* [What you need to do]: Once the images are set aside, output the listing exactly as it stands.

* [Data for this exercise]:
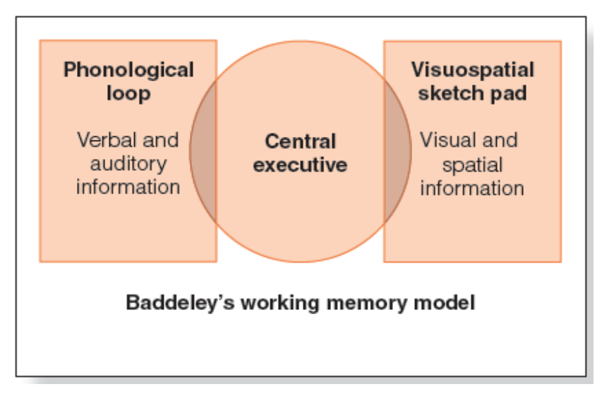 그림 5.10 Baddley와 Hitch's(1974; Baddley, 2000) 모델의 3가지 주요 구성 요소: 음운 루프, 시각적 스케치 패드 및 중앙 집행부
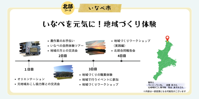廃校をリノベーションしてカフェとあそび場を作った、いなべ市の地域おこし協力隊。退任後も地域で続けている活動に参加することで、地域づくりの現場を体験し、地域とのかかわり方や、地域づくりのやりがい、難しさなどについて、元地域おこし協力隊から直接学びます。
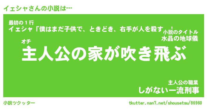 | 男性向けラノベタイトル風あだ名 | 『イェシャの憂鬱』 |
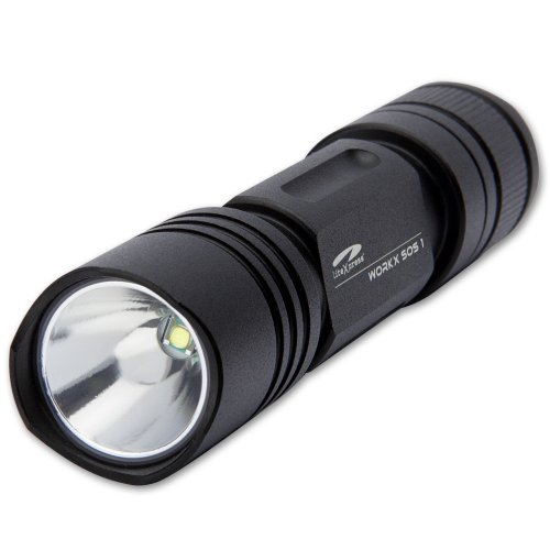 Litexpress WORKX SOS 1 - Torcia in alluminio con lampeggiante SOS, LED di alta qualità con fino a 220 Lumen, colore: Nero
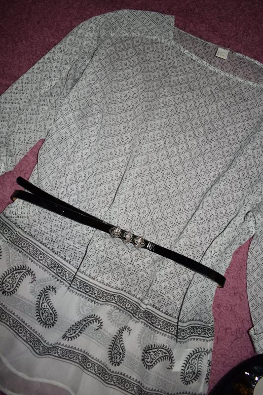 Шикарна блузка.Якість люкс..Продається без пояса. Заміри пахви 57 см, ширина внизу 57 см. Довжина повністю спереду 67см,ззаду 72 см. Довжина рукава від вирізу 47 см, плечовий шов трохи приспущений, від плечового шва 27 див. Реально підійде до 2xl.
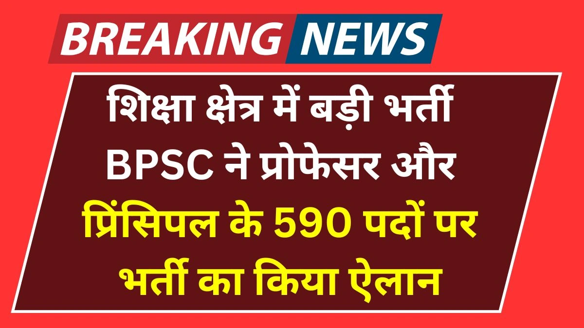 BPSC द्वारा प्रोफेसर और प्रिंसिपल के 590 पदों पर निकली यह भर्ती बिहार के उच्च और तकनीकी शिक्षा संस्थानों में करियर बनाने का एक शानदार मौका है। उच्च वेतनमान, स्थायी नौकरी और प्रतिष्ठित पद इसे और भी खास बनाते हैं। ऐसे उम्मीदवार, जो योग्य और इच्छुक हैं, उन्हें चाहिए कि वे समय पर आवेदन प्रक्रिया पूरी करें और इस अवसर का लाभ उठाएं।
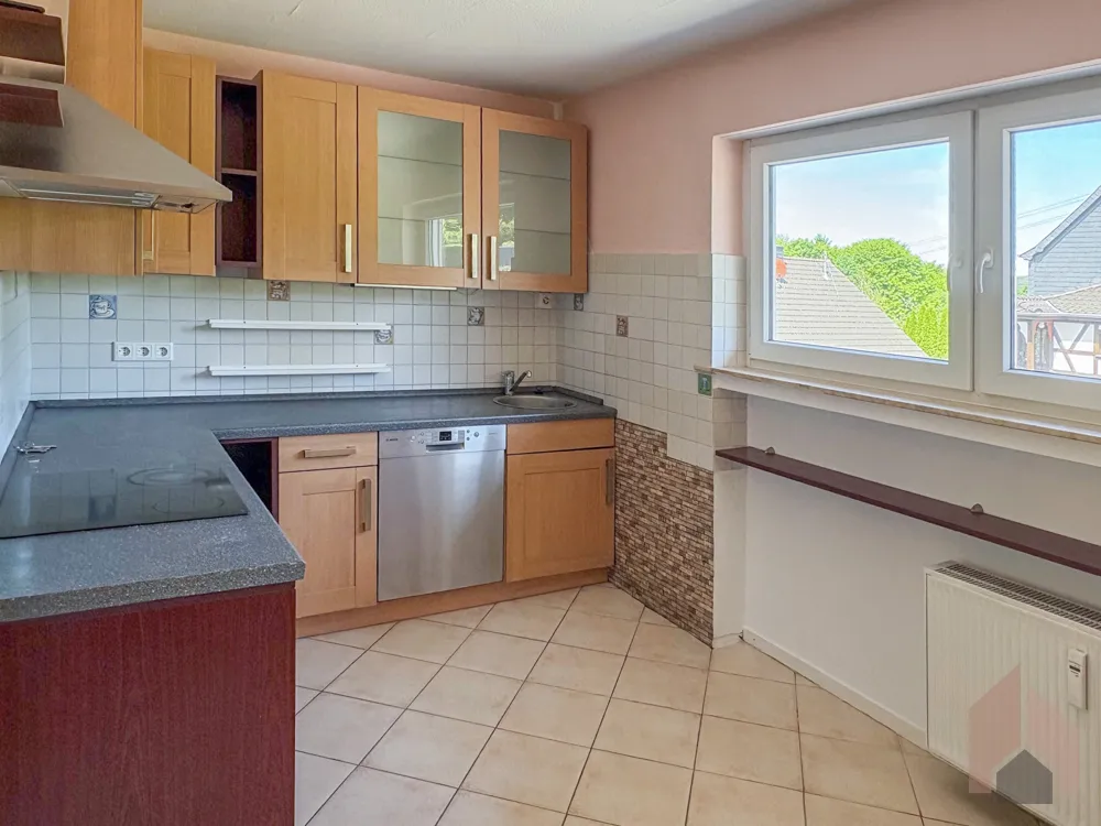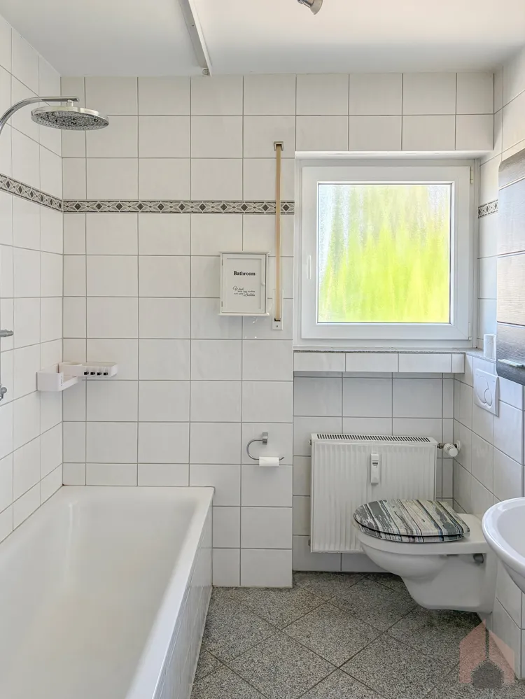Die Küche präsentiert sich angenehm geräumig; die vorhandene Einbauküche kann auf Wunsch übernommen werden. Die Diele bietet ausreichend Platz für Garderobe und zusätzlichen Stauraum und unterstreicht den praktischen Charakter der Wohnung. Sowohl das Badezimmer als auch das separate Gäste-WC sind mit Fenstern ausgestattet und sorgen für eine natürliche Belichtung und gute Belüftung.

* [Finished exercise]:
 그림 5.10 Baddley와 Hitch's(1974; Baddley, 2000) 모델의 3가지 주요 구성 요소: 음운 루프, 시각적 스케치 패드 및 중앙 집행부
廃校をリノベーションしてカフェとあそび場を作った、いなべ市の地域おこし協力隊。退任後も地域で続けている活動に参加することで、地域づくりの現場を体験し、地域とのかかわり方や、地域づくりのやりがい、難しさなどについて、元地域おこし協力隊から直接学びます。
 | 男性向けラノベタイトル風あだ名 | 『イェシャの憂鬱』 |
 Litexpress WORKX SOS 1 - Torcia in alluminio con lampeggiante SOS, LED di alta qualità con fino a 220 Lumen, colore: Nero
 Шикарна блузка.Якість люкс..Продається без пояса. Заміри пахви 57 см, ширина внизу 57 см. Довжина повністю спереду 67см,ззаду 72 см. Довжина рукава від вирізу 47 см, плечовий шов трохи приспущений, від плечового шва 27 див. Реально підійде до 2xl.
 BPSC द्वारा प्रोफेसर और प्रिंसिपल के 590 पदों पर निकली यह भर्ती बिहार के उच्च और तकनीकी शिक्षा संस्थानों में करियर बनाने का एक शानदार मौका है। उच्च वेतनमान, स्थायी नौकरी और प्रतिष्ठित पद इसे और भी खास बनाते हैं। ऐसे उम्मीदवार, जो योग्य और इच्छुक हैं, उन्हें चाहिए कि वे समय पर आवेदन प्रक्रिया पूरी करें और इस अवसर का लाभ उठाएं।
Die Küche präsentiert sich angenehm geräumig; die vorhandene Einbauküche kann auf Wunsch übernommen werden. Die Diele bietet ausreichend Platz für Garderobe und zusätzlichen Stauraum und unterstreicht den praktischen Charakter der Wohnung. Sowohl das Badezimmer als auch das separate Gäste-WC sind mit Fenstern ausgestattet und sorgen für eine natürliche Belichtung und gute Belüftung.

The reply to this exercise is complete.